We show that any explicit example for a tensor $A:[n]^r \rightarrow \mathbb{F}$ with tensor-rank
$\geq n^{r \cdot (1- o(1))}$,
(where $r = r(n) \leq \log n / \log \log n$), implies an explicit super-polynomial lower bound for the size of general arithmetic formulas over $\mathbb{F}$. This shows that strong enough lower bounds for the size of arithmetic formulas of depth~3 imply super-polynomial lower bounds for the size of general arithmetic formulas.

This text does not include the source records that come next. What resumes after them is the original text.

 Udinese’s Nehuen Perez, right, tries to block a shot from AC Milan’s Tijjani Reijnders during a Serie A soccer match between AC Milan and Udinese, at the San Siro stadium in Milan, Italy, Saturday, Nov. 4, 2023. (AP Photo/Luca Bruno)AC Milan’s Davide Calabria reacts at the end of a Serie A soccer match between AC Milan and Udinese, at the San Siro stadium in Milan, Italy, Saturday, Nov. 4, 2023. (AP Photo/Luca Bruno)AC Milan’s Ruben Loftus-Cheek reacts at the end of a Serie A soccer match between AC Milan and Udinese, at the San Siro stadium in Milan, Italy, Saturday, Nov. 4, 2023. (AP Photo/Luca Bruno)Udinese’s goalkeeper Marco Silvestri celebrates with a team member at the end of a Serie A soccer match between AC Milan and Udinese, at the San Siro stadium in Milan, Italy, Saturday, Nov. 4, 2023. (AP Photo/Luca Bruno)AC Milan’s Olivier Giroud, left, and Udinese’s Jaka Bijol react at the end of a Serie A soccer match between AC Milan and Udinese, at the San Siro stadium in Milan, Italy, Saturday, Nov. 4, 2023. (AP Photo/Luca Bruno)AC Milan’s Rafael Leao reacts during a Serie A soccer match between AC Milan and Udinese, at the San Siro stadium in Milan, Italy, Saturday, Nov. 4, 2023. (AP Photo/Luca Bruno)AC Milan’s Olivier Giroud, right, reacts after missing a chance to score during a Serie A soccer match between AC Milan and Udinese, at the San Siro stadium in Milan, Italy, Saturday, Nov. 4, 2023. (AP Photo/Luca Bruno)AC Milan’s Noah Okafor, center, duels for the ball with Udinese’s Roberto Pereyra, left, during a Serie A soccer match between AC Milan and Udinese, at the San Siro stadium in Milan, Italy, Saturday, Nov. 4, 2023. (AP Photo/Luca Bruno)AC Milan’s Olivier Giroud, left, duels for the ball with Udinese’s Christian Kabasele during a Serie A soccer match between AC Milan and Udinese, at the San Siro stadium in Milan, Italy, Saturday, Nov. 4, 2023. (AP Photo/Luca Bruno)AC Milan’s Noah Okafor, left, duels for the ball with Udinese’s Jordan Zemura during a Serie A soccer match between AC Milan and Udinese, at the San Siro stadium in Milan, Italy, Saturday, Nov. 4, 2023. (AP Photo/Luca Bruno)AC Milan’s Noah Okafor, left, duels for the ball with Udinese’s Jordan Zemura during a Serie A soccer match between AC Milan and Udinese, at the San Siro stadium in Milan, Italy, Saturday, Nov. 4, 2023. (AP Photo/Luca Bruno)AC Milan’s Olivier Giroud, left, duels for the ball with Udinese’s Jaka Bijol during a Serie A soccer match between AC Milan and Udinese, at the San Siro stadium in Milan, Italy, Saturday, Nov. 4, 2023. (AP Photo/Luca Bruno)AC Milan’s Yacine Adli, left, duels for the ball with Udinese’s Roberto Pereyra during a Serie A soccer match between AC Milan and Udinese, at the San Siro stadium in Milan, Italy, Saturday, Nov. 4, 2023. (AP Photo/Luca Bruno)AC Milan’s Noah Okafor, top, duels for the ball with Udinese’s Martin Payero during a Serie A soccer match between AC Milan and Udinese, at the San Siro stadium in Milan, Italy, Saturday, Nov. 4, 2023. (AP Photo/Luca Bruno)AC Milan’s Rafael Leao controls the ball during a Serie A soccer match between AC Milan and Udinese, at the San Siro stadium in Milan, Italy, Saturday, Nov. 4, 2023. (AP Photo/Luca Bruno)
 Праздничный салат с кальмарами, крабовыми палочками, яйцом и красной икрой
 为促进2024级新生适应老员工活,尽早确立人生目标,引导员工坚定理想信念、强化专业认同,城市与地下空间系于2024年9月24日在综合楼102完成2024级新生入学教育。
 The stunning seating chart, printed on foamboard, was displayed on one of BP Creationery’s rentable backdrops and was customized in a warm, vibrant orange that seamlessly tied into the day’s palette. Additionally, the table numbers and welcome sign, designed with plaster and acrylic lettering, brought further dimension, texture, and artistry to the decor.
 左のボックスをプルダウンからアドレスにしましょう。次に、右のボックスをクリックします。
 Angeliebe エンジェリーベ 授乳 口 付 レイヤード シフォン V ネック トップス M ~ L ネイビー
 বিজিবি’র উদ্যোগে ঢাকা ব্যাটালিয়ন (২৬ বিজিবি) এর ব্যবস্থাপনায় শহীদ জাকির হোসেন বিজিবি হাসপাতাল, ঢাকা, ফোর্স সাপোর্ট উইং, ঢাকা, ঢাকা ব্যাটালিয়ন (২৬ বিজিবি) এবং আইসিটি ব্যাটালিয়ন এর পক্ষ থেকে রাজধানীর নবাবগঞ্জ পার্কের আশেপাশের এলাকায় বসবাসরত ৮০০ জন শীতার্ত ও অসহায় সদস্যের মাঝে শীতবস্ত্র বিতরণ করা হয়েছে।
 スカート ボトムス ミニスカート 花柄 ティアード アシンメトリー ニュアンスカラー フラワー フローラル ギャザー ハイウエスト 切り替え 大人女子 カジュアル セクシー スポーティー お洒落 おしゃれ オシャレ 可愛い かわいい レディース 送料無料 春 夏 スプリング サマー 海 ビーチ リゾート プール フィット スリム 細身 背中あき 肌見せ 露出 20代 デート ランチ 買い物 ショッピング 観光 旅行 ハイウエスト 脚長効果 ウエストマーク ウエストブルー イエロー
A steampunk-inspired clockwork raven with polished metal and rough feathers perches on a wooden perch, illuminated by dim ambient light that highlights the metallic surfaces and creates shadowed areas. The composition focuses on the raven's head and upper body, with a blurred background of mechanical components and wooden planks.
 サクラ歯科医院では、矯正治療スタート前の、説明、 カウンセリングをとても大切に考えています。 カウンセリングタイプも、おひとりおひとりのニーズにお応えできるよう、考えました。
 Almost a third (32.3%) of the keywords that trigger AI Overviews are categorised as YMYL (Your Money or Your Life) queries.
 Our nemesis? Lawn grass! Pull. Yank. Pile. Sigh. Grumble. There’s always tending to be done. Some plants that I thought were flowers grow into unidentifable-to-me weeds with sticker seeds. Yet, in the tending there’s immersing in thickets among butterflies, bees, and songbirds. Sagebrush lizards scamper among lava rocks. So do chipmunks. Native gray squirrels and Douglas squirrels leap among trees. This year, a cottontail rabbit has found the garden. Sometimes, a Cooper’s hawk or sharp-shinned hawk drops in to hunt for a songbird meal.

One component of our proof is a new approach for homogenization and multilinearization of arithmetic formulas, that gives the following
results:
We show that for any $n$-variate homogenous polynomial $f$ of degree $r$, if there exists a (fanin-2) formula of size $s$ and depth $d$ for $f$ then there exists a homogenous formula of size
$O \left( {d+r+1 \choose r} \cdot s \right)$ for $f$. In particular, for any $r \leq \log n / \log \log n$, if there exists a polynomial size formula for $f$ then there exists a polynomial size homogenous formula for~$f$. This refutes a conjecture of Nisan and Wigderson and shows that super-polynomial lower bounds for homogenous formulas for polynomials of small degree imply super-polynomial lower bounds for general formulas.
We show that for any $n$-variate set-multilinear polynomial $f$ of degree $r$, if there exists a (fanin-2) formula of size $s$ and depth $d$ for $f$ then there exists a set-multilinear formula of size
$O \left( (d+2)^r \cdot s \right)$ for $f$.
In particular, for any $r \leq \log n / \log \log n$, if there exists a polynomial size formula for $f$ then there exists a polynomial size set-multilinear formula for $f$. This shows that super-polynomial lower bounds for set-multilinear formulas for polynomials of small degree imply super-polynomial lower bounds for general formulas.